Nos decían desde el Gobierno que con la vacunación se superaría todo, pero como se ha podido comprobar la cosa no es así. He oído en los medios públicos que llevamos un 90% de mayores de 12 años inmunizados en España, en lugar de decir de vacunados, pues si no me equivoco una cosa -ponerse la vacuna- no implica directamente la inmunización. Ojalá. Una cosa es la realidad, aplastante, y otra son los cuentos chinos, que por desgracia queremos creernos a pies juntillas.

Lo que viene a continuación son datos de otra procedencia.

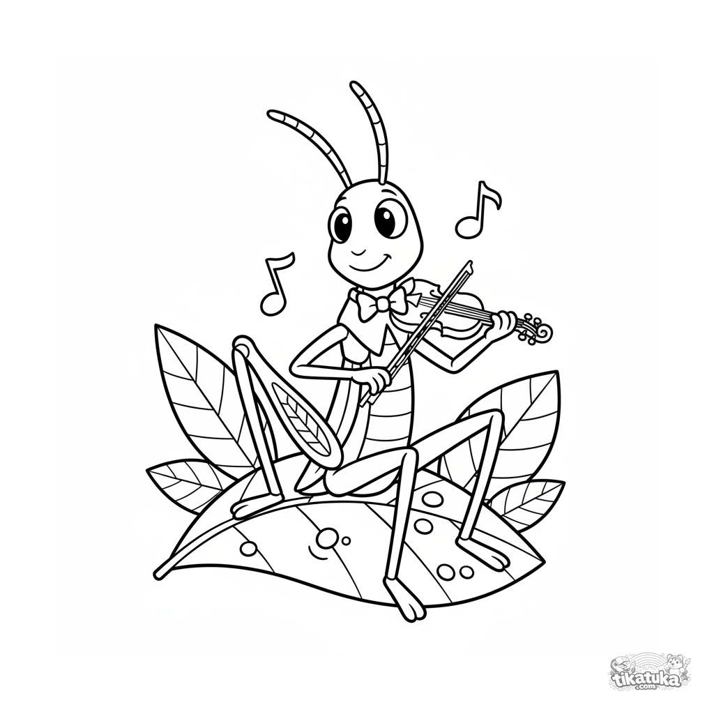 Раскраска для детей 7-9 лет в ретро-стиле: элегантный кузнечик в бабочке играет на скрипке, сидя на листе с росой. Забавная и необычная сцена.

La medida indiscriminada de obligar a ponerse la mascarilla por la calle a todo el país parece en realidad un acto de tirar la toalla
El actual nivel de contagios tiene las urgencias de atención primaria y los hospitales al borde del colapso. Con casi 1.000 contagios por cada 100.000 habitantes, estamos llegando a los niveles más altos desde que empezó toda esta locura. La única buena noticia, según parece obra de la vacunación, es que las defunciones no están, ni mucho menos y afortunadamente, en las mismas cifras que se llegaron a alcanzar en los momentos más duros de la primera ola. Sin embargo, si debido al elevado número de contagios llega un momento en que la atención sanitaria se desborda, ¿qué pasará? De hecho, ya lo vivido quienes nos contagiamos el pasado mes de enero, en el momento más duro. Me tocó tirarme cinco horas en las urgencias de un hospital hasta que conseguí que me auscultaran, me hicieran una placa y me mandaran para casa con una bolsa gigante de medicamentos. Los que lo hemos vivido sabemos que no tiene ninguna gracia, aparte del riesgo de dejar sin atender las urgencias que verdaderamente sean de vida o muerte.

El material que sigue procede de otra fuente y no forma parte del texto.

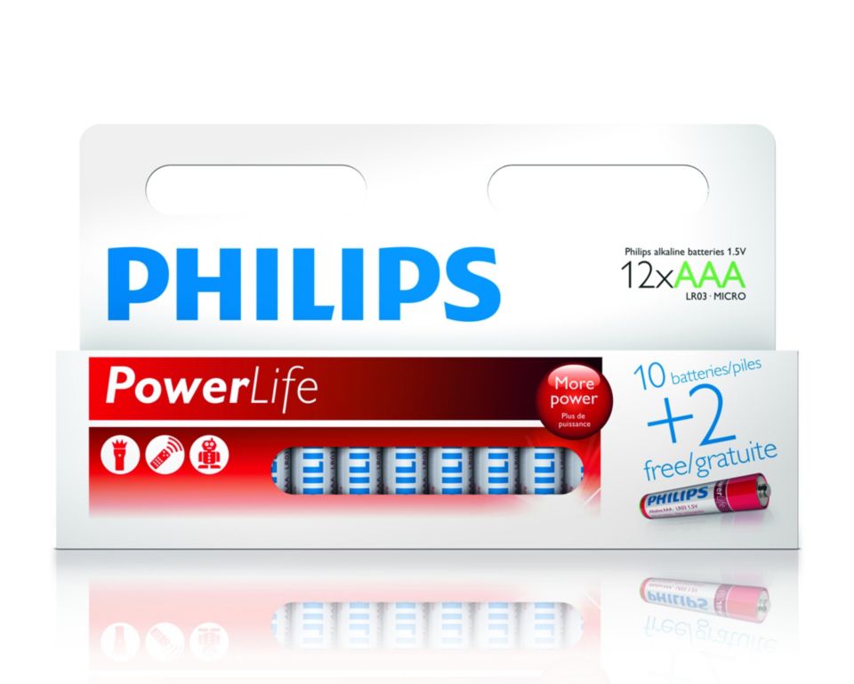 Philips bietet ein umfassendes Sortiment der gängigsten Batterien (AA, AAA, C, D, 9V) in verschiedenen Packungsgrößen für all Ihre Bedürfnisse.

Así las cosas, la medida indiscriminada de obligar a ponerse la mascarilla por la calle a todo el país, sin acompañamiento de otras para tratar de frenar la expansión del virus, parece en realidad un acto de tirar la toalla, un abandono de funciones en pos de las celebraciones navideñas, como si el capitán del barco entonara un “sálvese quien pueda”. Pan y circo para el pueblo, que ya vendrá la cuesta de enero con los contagios por las nubes y entonces veremos qué hacemos. Así que cuídense, por favor. Y feliz 2022.